Don’t get me wrong – I respect medication and its impact. People’s lives often improve because of what we prescribe, but when people have fed back to me after meds have been started, the take home message has not been about the medication. The patients I work with rank other things higher than the prescription and even its impact.
It is the anecdote that connects us to our patients, it is understanding the individual for whom we care that brings us joy, and it is connecting with their personal experiences that makes our work so rewarding.
Meagan Brennan
What I’ve learned from patient feedback is that certain values – listening, empathising, caring, and taking time with them – are far more valued than the drugs I prescribe, regardless of what the evidence base says. Sometimes the medication does not work the way we hoped it would and sometimes it does. While many medications are undoubtedly effective, generally I believe we doctors tend to over-value what a pill, cream or liquid can do. I certainly have done – many times. However there are other things in our meetings with patients that have value and these are not always recognised.

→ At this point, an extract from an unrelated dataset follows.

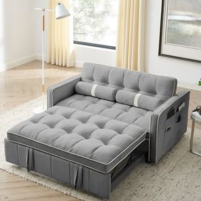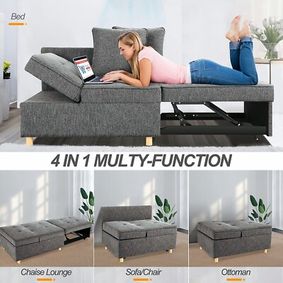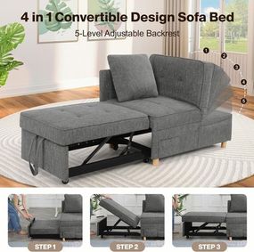 The pull-out couch bed chooses premium linen fabric material, which is durable and skin-friendly. Keep new as day one for years.Convertible Sleeper Sofa 3 in 1 linen Small Loveseat with Pull Out Bed, Reclining Backrest, Toss Pillows and Pockets.This sofa features a wonderful seating area, perfect for lounging, reading, or entertaining guests.
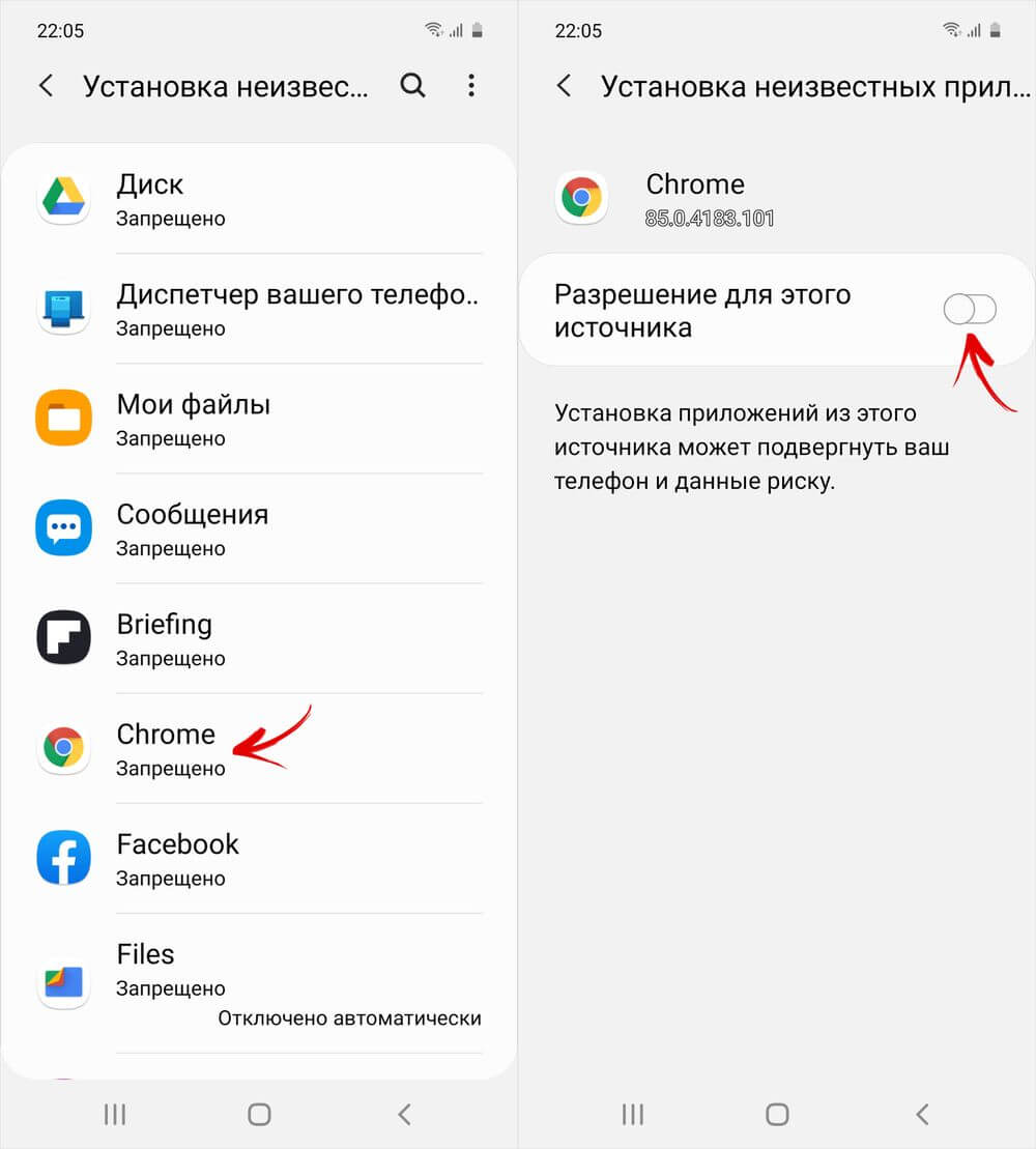 Выберите среди них те, которым хотите предоставить разрешение на установку приложений, например: браузер и файловый менеджер. По очереди откройте их настройки и активируйте тумблер «Разрешить установку из этого источника».

We make treatment plans for patients using the latest drugs. Usually they work well, but when they don’t, we label the patient “non-compliant.” After all, they must be doing something wrong because we have enacted an “evidence based” plan.
Meagan Brennan
In her blog[1] for the BMJ, Meagan Brennan raises the concern that as we focus more and more on the evidence, we lose the humanity that is essential for good care and outcomes. She points out that the promising-sounding ‘personalised medicine’ that is now being introduced, in fact, takes us further from ‘the heart of doctor-patient interactions and deeper into the realm of impersonal science’.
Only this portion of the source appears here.